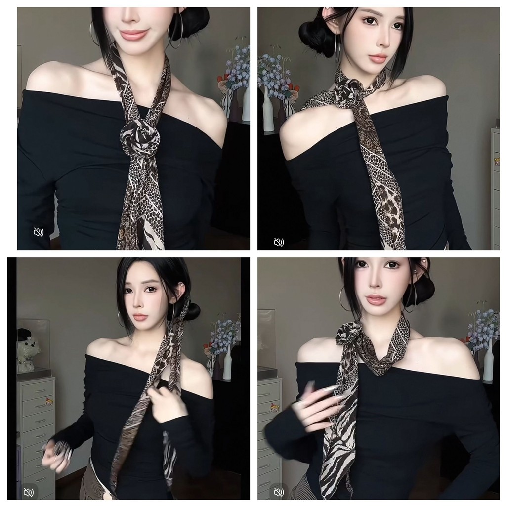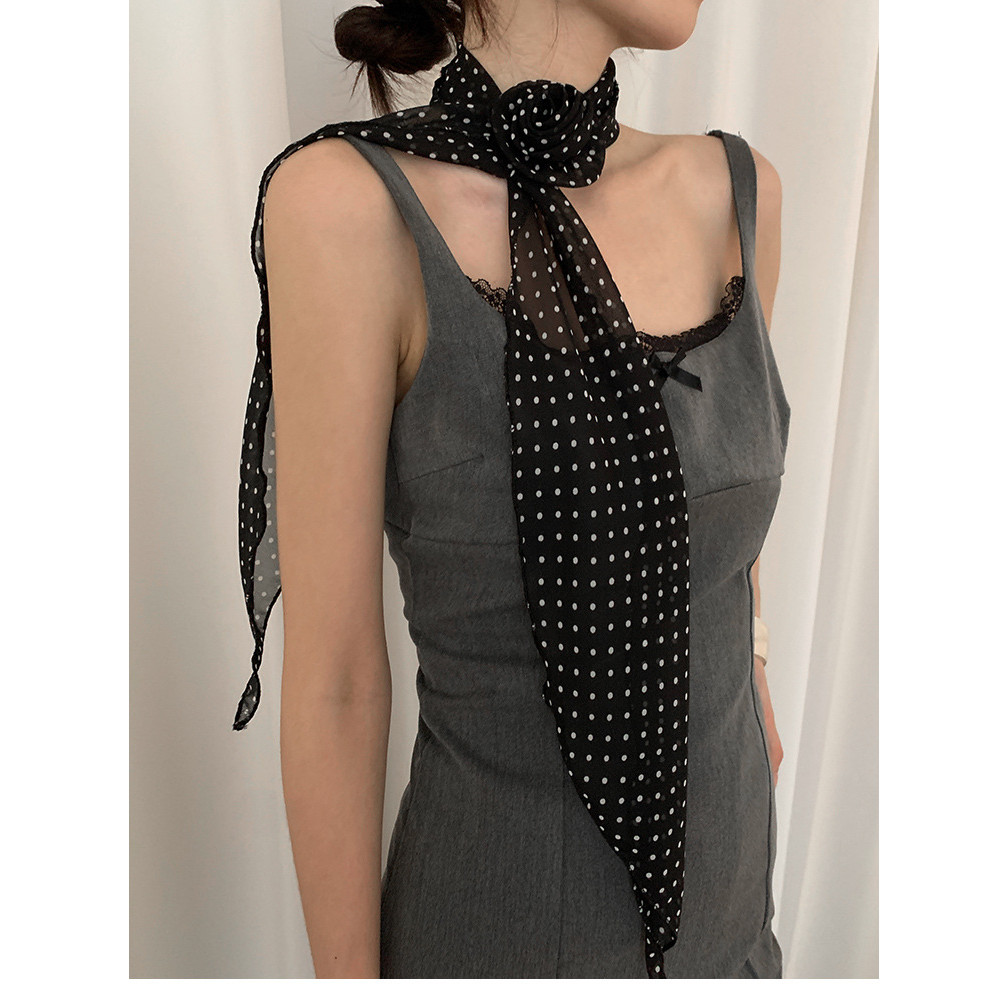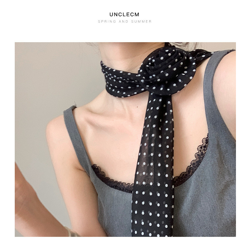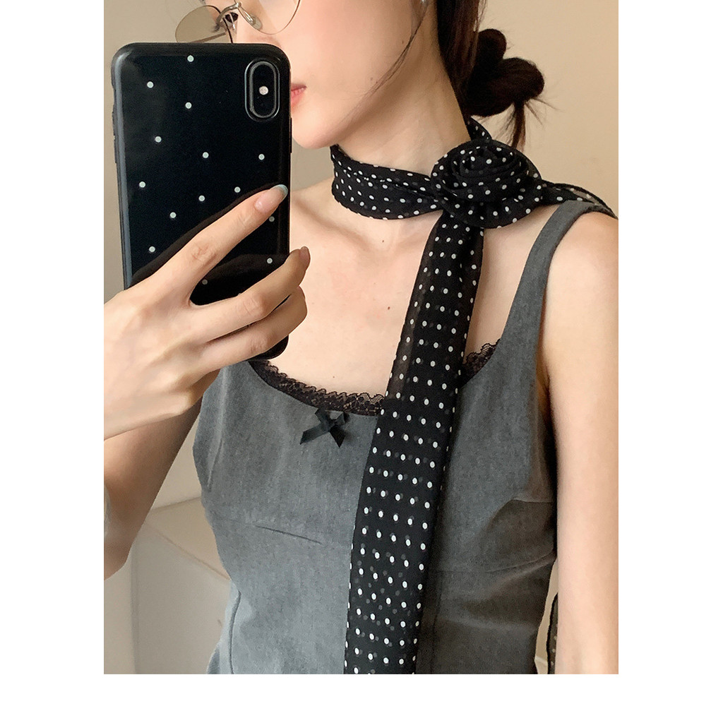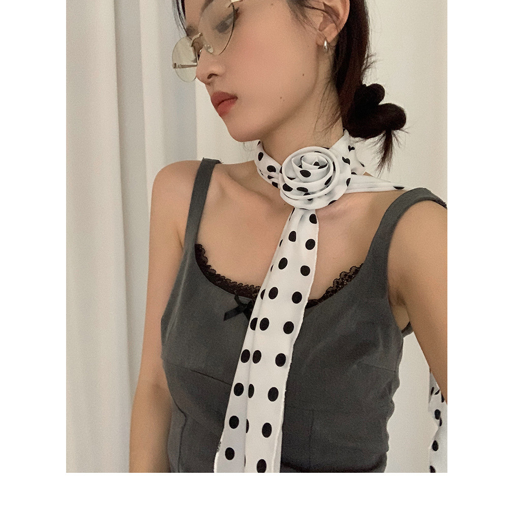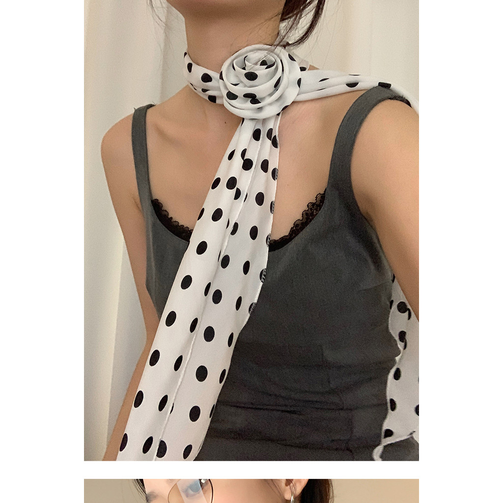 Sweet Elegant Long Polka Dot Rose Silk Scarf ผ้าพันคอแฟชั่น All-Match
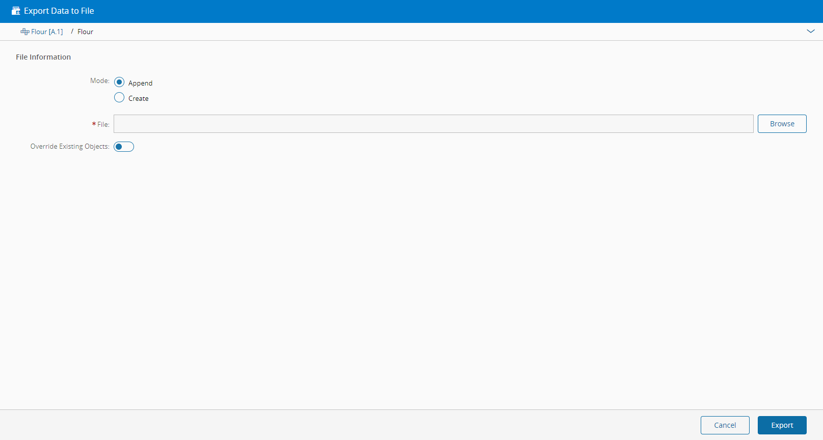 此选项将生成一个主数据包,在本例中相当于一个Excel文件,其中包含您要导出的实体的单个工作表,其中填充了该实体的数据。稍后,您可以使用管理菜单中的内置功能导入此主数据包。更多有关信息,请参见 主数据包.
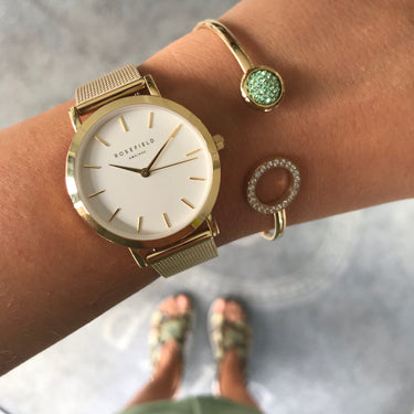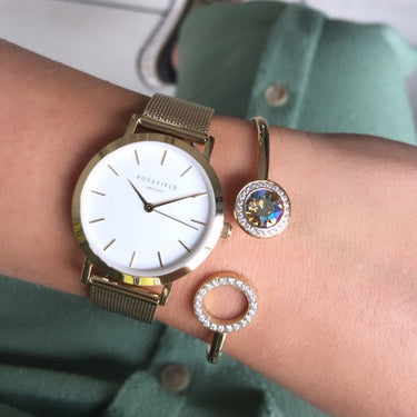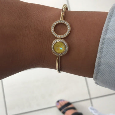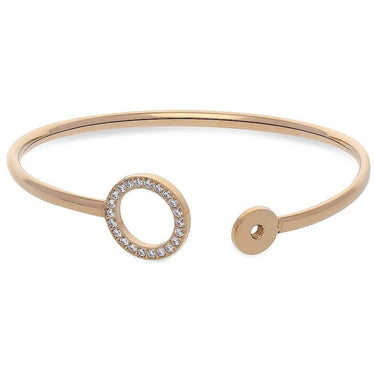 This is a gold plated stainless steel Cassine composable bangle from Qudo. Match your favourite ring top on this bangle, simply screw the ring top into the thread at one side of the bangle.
********************
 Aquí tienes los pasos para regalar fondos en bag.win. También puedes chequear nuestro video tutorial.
********************
#### What you have to do:
What's needed is an exact copy of the lines above from the one with "Sweet Elegant Long" through the one with "This is a gold", both included; the pictures stay out.

#### Result:
 Sweet Elegant Long Polka Dot Rose Silk Scarf ผ้าพันคอแฟชั่น All-Match
 此选项将生成一个主数据包,在本例中相当于一个Excel文件,其中包含您要导出的实体的单个工作表,其中填充了该实体的数据。稍后,您可以使用管理菜单中的内置功能导入此主数据包。更多有关信息,请参见 主数据包.
 This is a gold plated stainless steel Cassine composable bangle from Qudo. Match your favourite ring top on this bangle, simply screw the ring top into the thread at one side of the bangle.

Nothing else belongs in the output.